We have seen several posts in SO with the same error but applying to the generated types, not to the object factory. We think that JAXB may not be identifying the ObjectFactory class as an object factory but as a datatype.
One possibility was that we were using the internal version of JAXB in Java 6, so we decided to use the System Property -Djava.endorsed.dirs and put the three jars (jaxb-api-2.2.4.jar, jaxb-impl-2.2.4.jar and jaxb-xjc-2.2.4.jar) in that path, but still not working.
We think that the problem might be that we are using a different version of JAXB in the OSGi runtime and in the build process, so the generated code is not compatible. But maybe we are wrong and there is another problem.
Do you have any ideas?
Thanks in advance.
(Edit: more details on this)
We create the JAXBContext in this way:
ClassLoader classLoader = new JAXBServiceClassLoader(getParentClassLoader(),
Collections.unmodifiableMap(objectFactories));
context = JAXBContext.newInstance(contextPath.toString(), classLoader);
where contextPath is a String that contains all our object factories separated by ':', and the JAXBServiceClassLoader is:
private static final class JAXBServiceClassLoader extends ClassLoader
{
@NotNull
private final Map<String, Object> objectFactories;
private JAXBServiceClassLoader(@NotNull ClassLoader parent, @NotNull Map<String, Object> objectFactories)
{
super(parent);
this.objectFactories = objectFactories;
}
@Override
public Class<?> loadClass(String name) throws ClassNotFoundException
{
Class<?> ret;
try
{
ret = super.loadClass(name);
}
catch (ClassNotFoundException e)
{
Object objectFactory = objectFactories.get(name);
if (objectFactory != null)
{
ret = objectFactory.getClass();
}
else
{
throw new ClassNotFoundException(name + " class not found");
}
}
return ret;
}
}
(Edit: after Aaron's post)
I've been debugging all the internals of JAXBContextImpl and the thing is that the JAXBContextImpl is trying to get the type info from our ObjectFactory classes, which is wrong.

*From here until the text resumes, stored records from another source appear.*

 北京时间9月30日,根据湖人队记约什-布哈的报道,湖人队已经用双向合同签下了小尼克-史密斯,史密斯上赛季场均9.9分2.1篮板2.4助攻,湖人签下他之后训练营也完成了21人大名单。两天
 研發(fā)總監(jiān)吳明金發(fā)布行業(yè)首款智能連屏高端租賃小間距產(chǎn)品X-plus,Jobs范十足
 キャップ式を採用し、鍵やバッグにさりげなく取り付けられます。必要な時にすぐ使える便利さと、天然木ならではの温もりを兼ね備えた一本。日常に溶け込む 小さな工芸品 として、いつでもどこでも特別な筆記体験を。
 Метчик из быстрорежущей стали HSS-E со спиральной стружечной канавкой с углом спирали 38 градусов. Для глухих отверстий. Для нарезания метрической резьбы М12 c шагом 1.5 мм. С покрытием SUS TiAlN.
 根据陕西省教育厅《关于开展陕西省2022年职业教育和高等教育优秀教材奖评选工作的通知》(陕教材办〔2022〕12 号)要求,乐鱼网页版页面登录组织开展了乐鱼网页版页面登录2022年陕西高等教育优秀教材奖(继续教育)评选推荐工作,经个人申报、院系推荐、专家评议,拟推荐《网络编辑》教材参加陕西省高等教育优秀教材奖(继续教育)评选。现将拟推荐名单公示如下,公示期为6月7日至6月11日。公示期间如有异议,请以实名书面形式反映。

In fact, in com.sun.xml.internal.bind.v2.model.impl.ModelBuilder:314, the getClassAnnotation() call returns null but when I see the instance I can see the annotation XmlRegistry.

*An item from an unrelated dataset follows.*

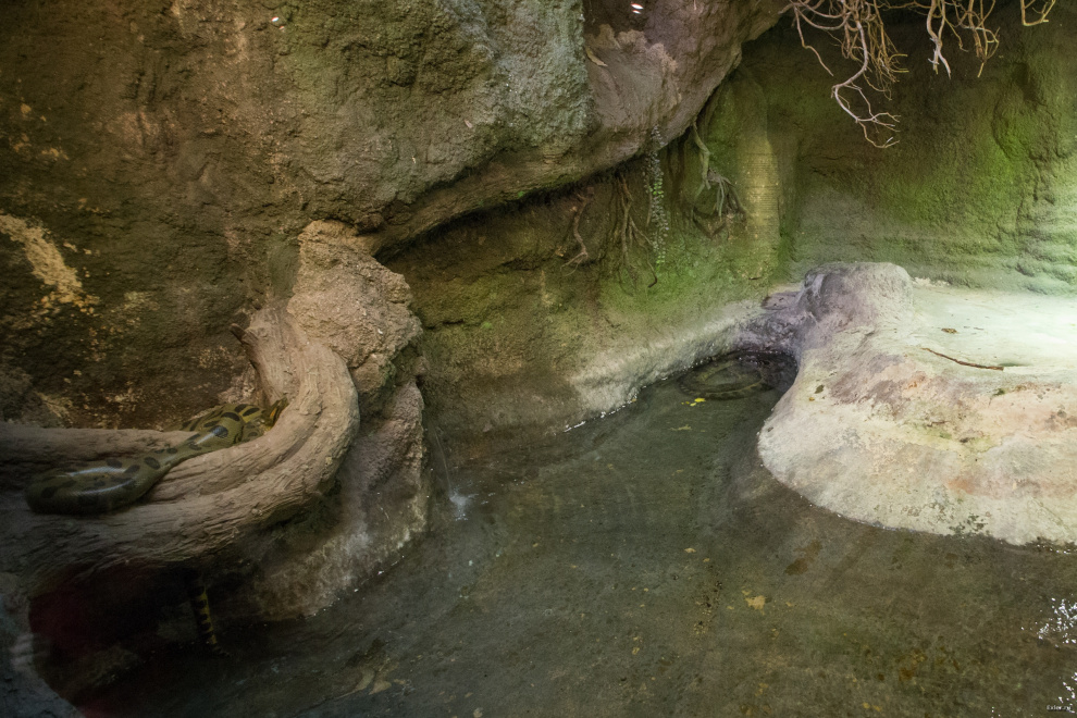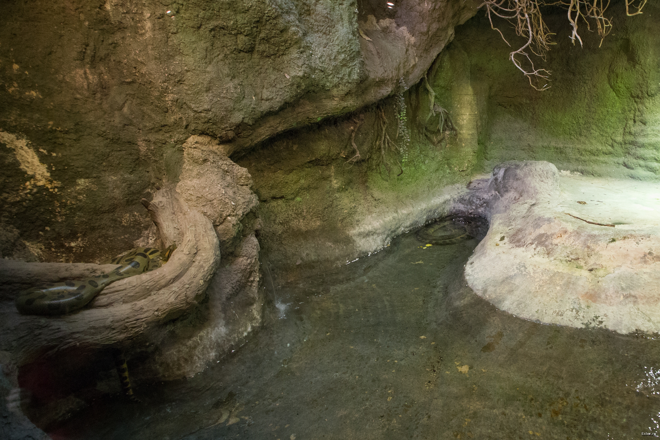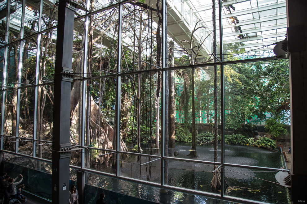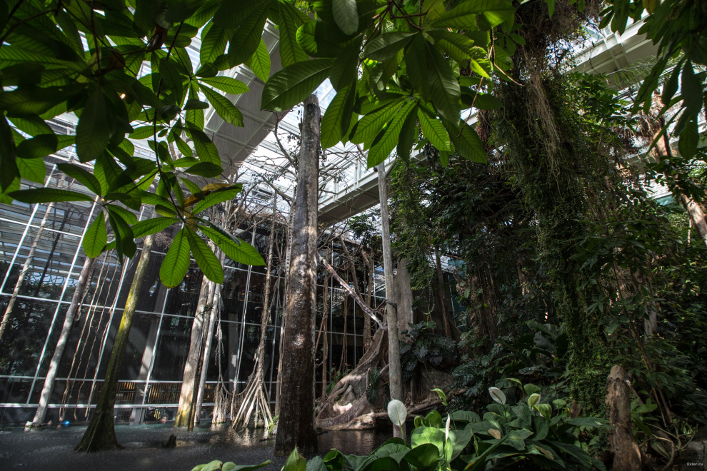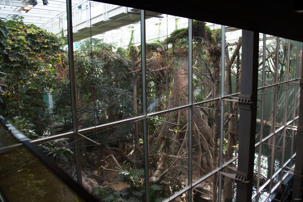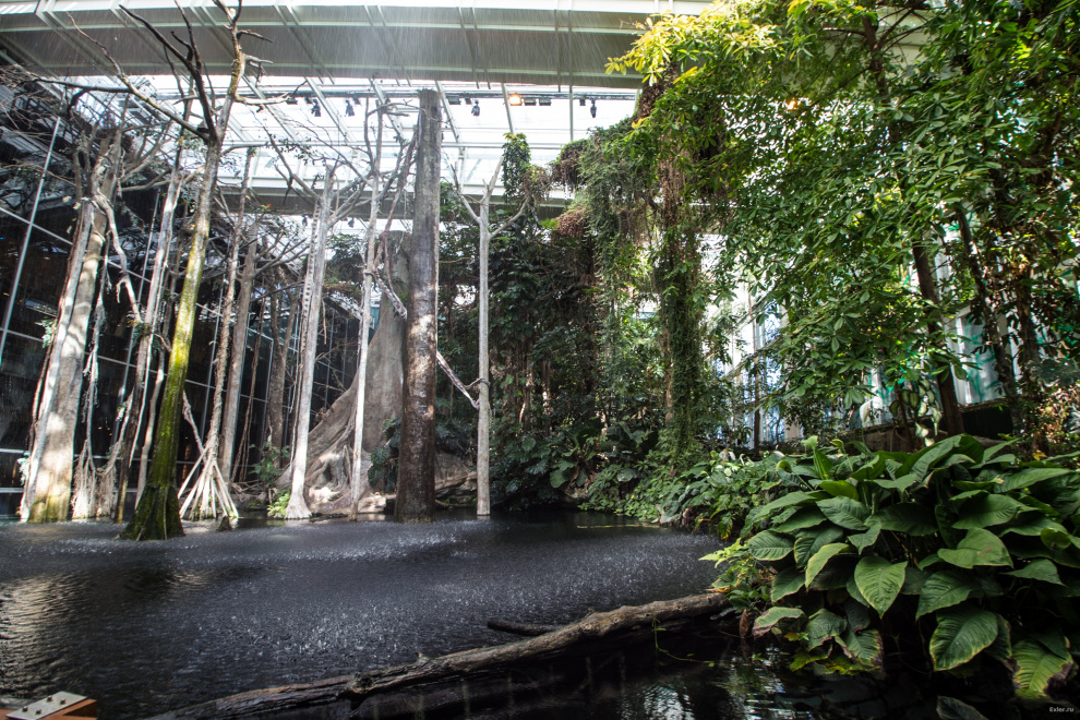 Ну и вот стенд во всей красе - джунгли Амазонки. Причем экосистема тут воспроизведена очень точно - климат, влажность 90%, каждые пятнадцать минут проходит дождь.

The thing is that, at that point XmlRegistry.class.getClassLoader() returns null, but if I run ((Class)c).getAnnotations()[0].annotationType().getClassLoader() it returns the classLoader of the OSGi bundle "lib.jaxb" that contains my JAXB jars, which is correct.
So, I guess that we are loading at the same time two different versions of XmlRegistry, one from the JDK and the other one from JAXB 2.2.4 jars. The question is: why?

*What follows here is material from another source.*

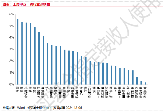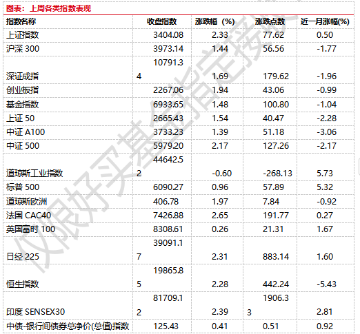 上周,沪深两市双双收涨。截止收盘,上证综指收于3404.08点,涨77.62点,涨幅为2.33%;深成指收于10791.34点,涨179.62点,涨幅为1.69%;沪深300收于3973.14点,涨56.56点,涨幅为1.44%;创业板收于2267.06点,涨179.62点,涨幅为1.94%。总体而言,大盘股弱于小盘股。中证100上涨1.39%,中证500上涨2.17%。31个申万一级行业全部上涨。其中,钢铁、煤炭、机械设备表现居前,涨跌幅分别为5.61%、5.39%、5.31%,食品饮料、电力设备、农林牧渔表现居后,涨跌幅分别为0.19%、0.29%、0.67%。

And, even more, instead of loading all those com.sun.xml.internal.* classes (like JAXBContextImpl), shouldn't be loading and executing com.sun.xml.bind.v2.runtime.JAXBContextImpl from JAXB jars? During the debug process I can see that it's doing some stuff with reflection but I don't understand why is doing that.
We finally found a solution for this.
From the JAXB documentation (Discovery of JAXB implementation section):
http://jaxb.java.net/nonav/2.2.4-1/docs/api/javax/xml/bind/JAXBContext.html
We tried to add a resource in META-INF/services/javax.xml.bind.JAXBContext in order to enforce the use of com.sun.xml.bind.v2.ContextFactory instead of Sun's internal factory. That didn't work, probably because we are using an OSGi bundle.
Anyway, as we are using our own classloader, we override the getResourceAsStream() method, that is called from ContextFinder:343:
@Override
public InputStream getResourceAsStream(String name)
{
if (name!=null && name.equals("META-INF/services/javax.xml.bind.JAXBContext"))
{
return new ByteArrayInputStream("com.sun.xml.bind.v2.ContextFactory".getBytes());
}
return super.getResourceAsStream(name);
}
This is not the prettiest solution but it works for us. And that classloader is used only when we create the JAXBContext, it should be fine.